Suspira hondo, habla despacio, con la voz ahogada. El periplo para su hijo empezó a los seis meses. Llegaron de San Luis a Buenos Aires con mucho miedo a la Gripe A, después de un largo peregrinaje en busca de un diagnóstico.
Desde el trasplante de médula hace cinco meses el nene lucha por ponerse bien. “¡La está luchando tanto! ¡La estamos luchando tanto los tres!”, dice. Aunque la zanahoria de volver a sus pagos se acerque y se aleje todos los días. Andrés no conoce otra vida que la de la enfermedad.
¿Cómo harán los médicos y las enfermeras cada día? ¿Cómo se las arreglarán los payasos para ser sensibles y alegres en el cuarto de al lado?
Ahora están ocupados en un diálogo desopilante de sonidos precisos, como si fuera japonés o chino, que les propuso el niño Brian apenas entraron.
Es un nene de tres años, autista. No había conectado con alguien desde que, seis meses atrás, llegó a internarse. Ahora se miran los tres intensamente.
Tiene Leucemia. Está parado sobre su cama y pisa sus sábanas de Winnie the Pooh. Se toma la cabeza con sus manos, se tapa los ojos mientras emite onomatopeyas, exclamaciones agudas que combinan dos o tres vocales y consonantes. Las payasas lo imitan e improvisan, manteniendo el ritmo de la conversación. Hay sentido para ellos.

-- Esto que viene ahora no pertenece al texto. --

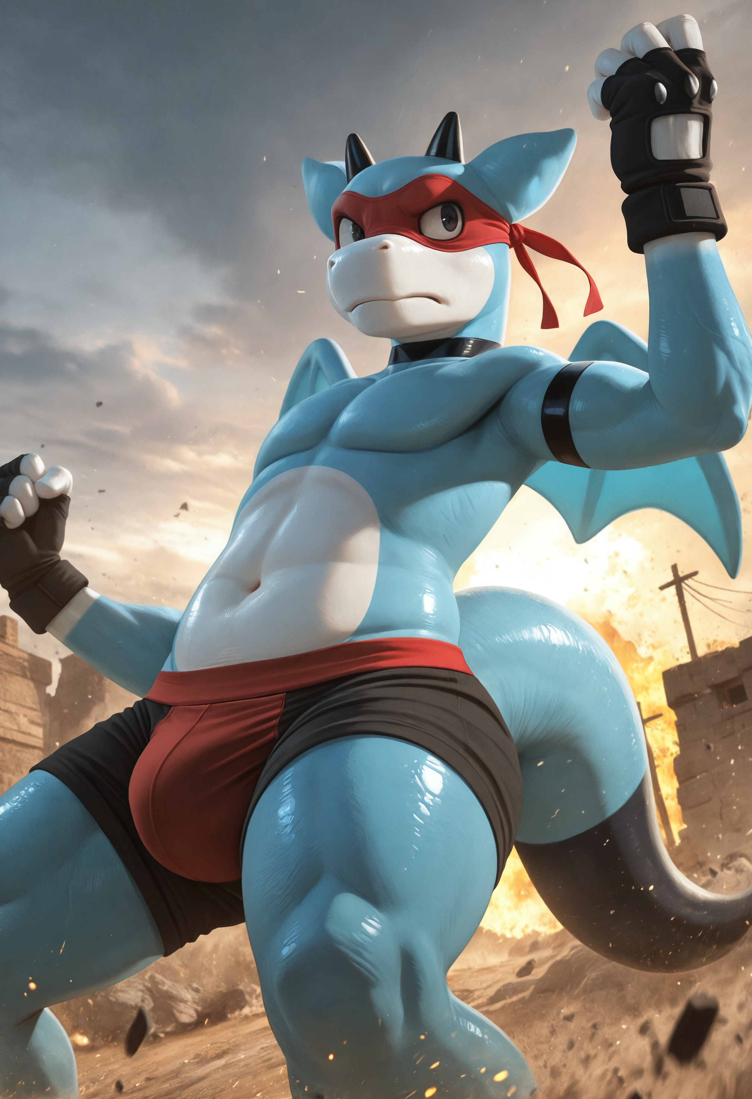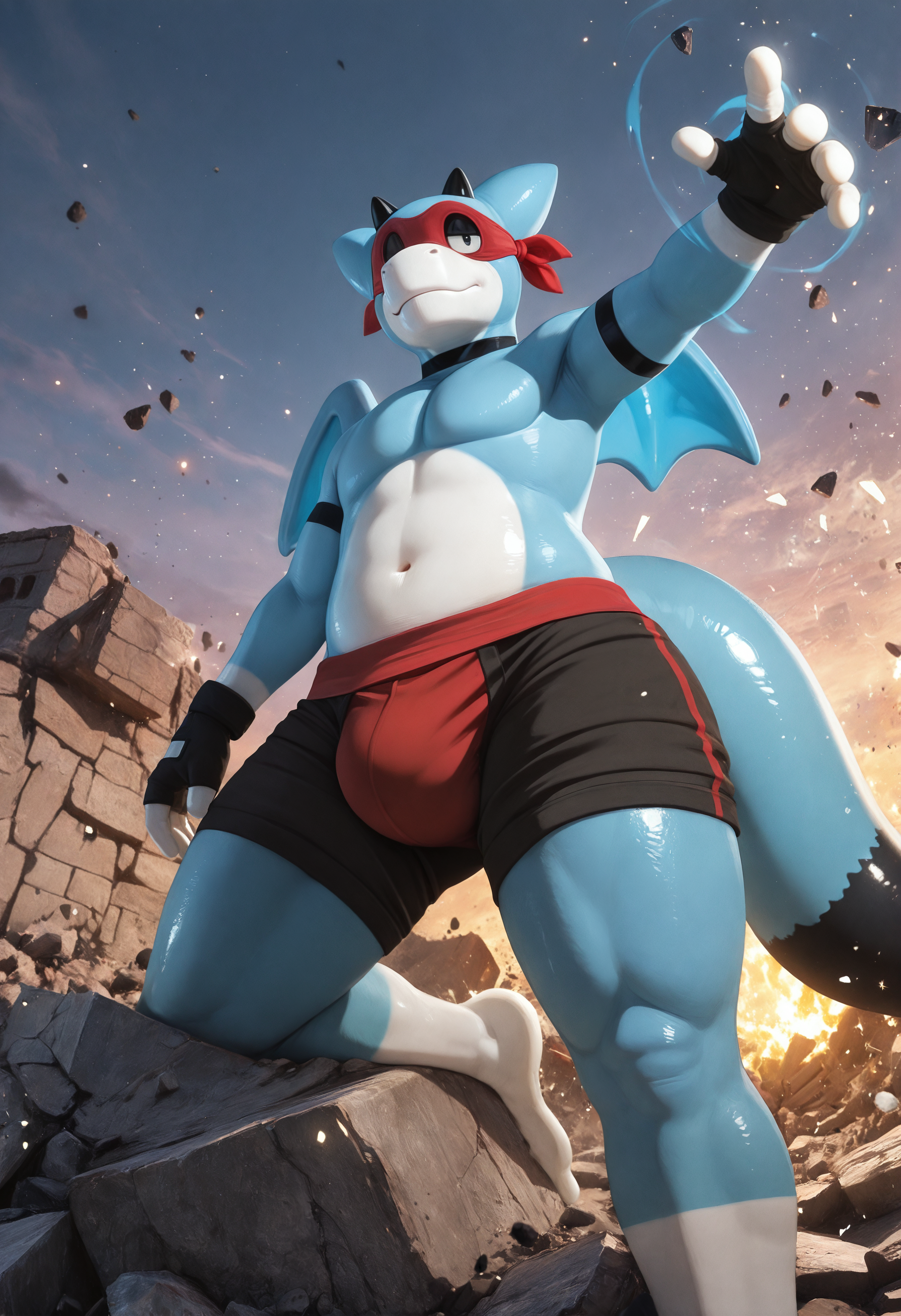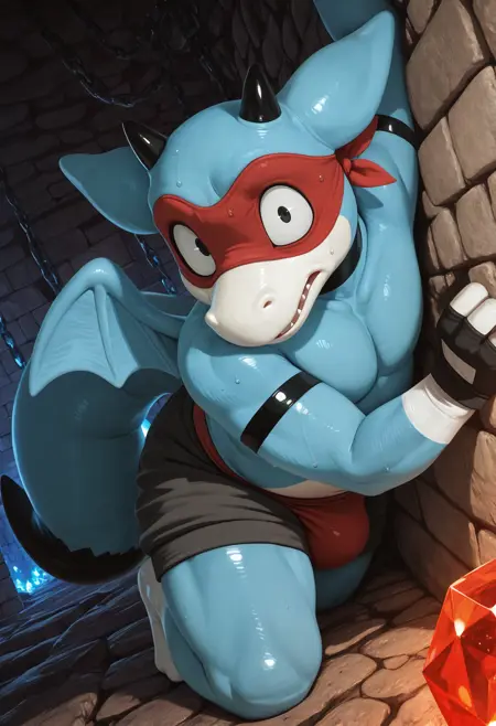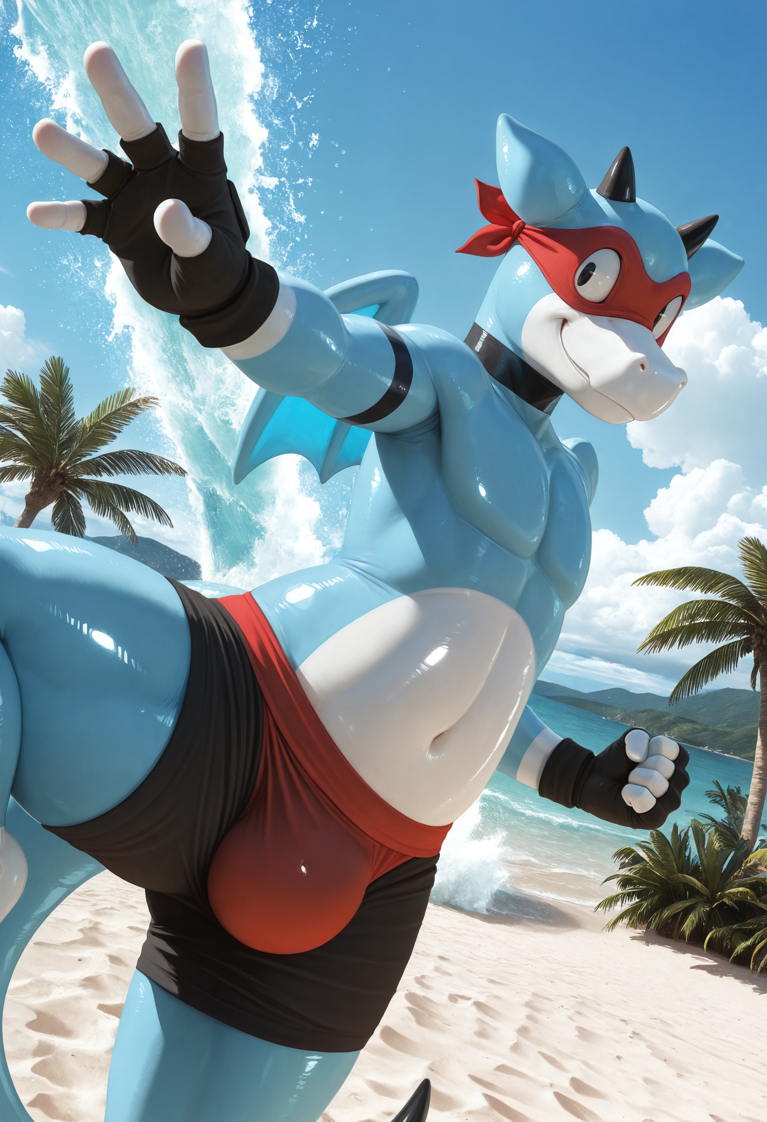 j0e_0h_s0_her0, dragon, black markings, mask, male focus, furry male, furry, black fingerless gloves, wings, tail, dipstick tail, 1boy, thick, thighs, solo, smooth body, shiny skin, blue skin, black boxers shorts, red underwear, white fingers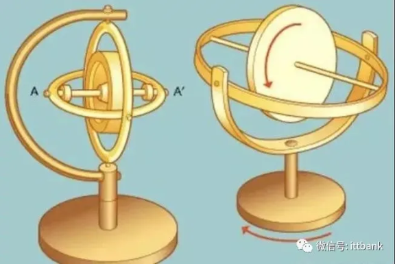 最早的陀螺仪的简易制作方式如下:即将一个高速旋转的陀螺放到一个万向支架上,靠陀螺的方向来计算角速度,简易图如下图所示。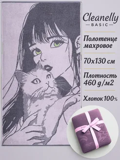 Полотенце банное детское 70×130, девушка и кот, 100% хлопок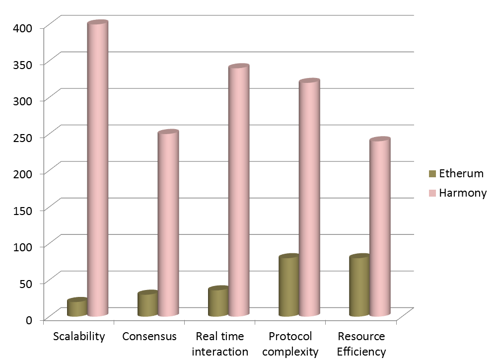 The scaling capacity of ETH chain is 20 tps, whereas the reported testnet scalability of Harmony chain is 118000, and the potential scalability is even more in Harmony.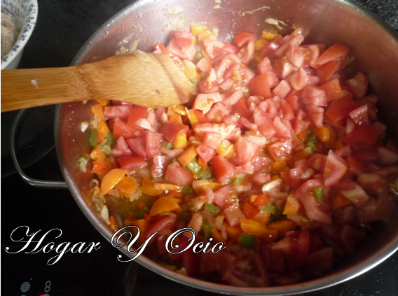 3. Pelamos y picamos la cebolla y los ajos. Los rehogamos con el mismo aceite de la carne. Cuando comienzen a estar blanditos, añadimos la zanahoria y los pimientos bien picaditos. Dejamos cocinar unos minutos y agregamos los tomates cortados en dados, o si lo preferís rallados. Durante todo el proceso hay que tener cuidado de que no se pegue nada.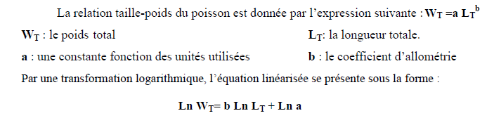 La relation taille-poids du poisson est donnée par l’expression suivante :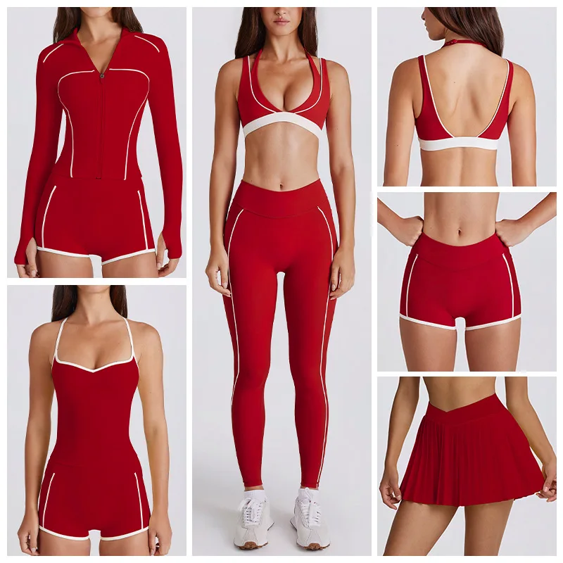 Custom High Quality 6-Piece Solid Breathable Fitness Sportswear Gym Leggings Activewear Sports Shorts Bra Women Workout Yoga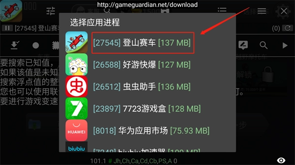 点击GameGuardian的悬浮窗,然后选择《登山赛车》这款游戏。

Aún sedado, Brian se la pasa casi todo el día yendo de una punta a la otra del cuarto. Había estado como perdido y muy enojado, hasta que se produjo ese “milagro”, como llamará su mamá Mabel al momento que están viviendo junto a los payasos.
La “función” está por terminar. Una de las payasas se acerca al niño, le sonríe y le regala un sonido. Entonces él acerca su manito izquierda a la boca, hace ruido de beso y se lo da. Nunca antes había regalado un “beso volador”, cuenta Mabel. Ese regalo, es un privilegio.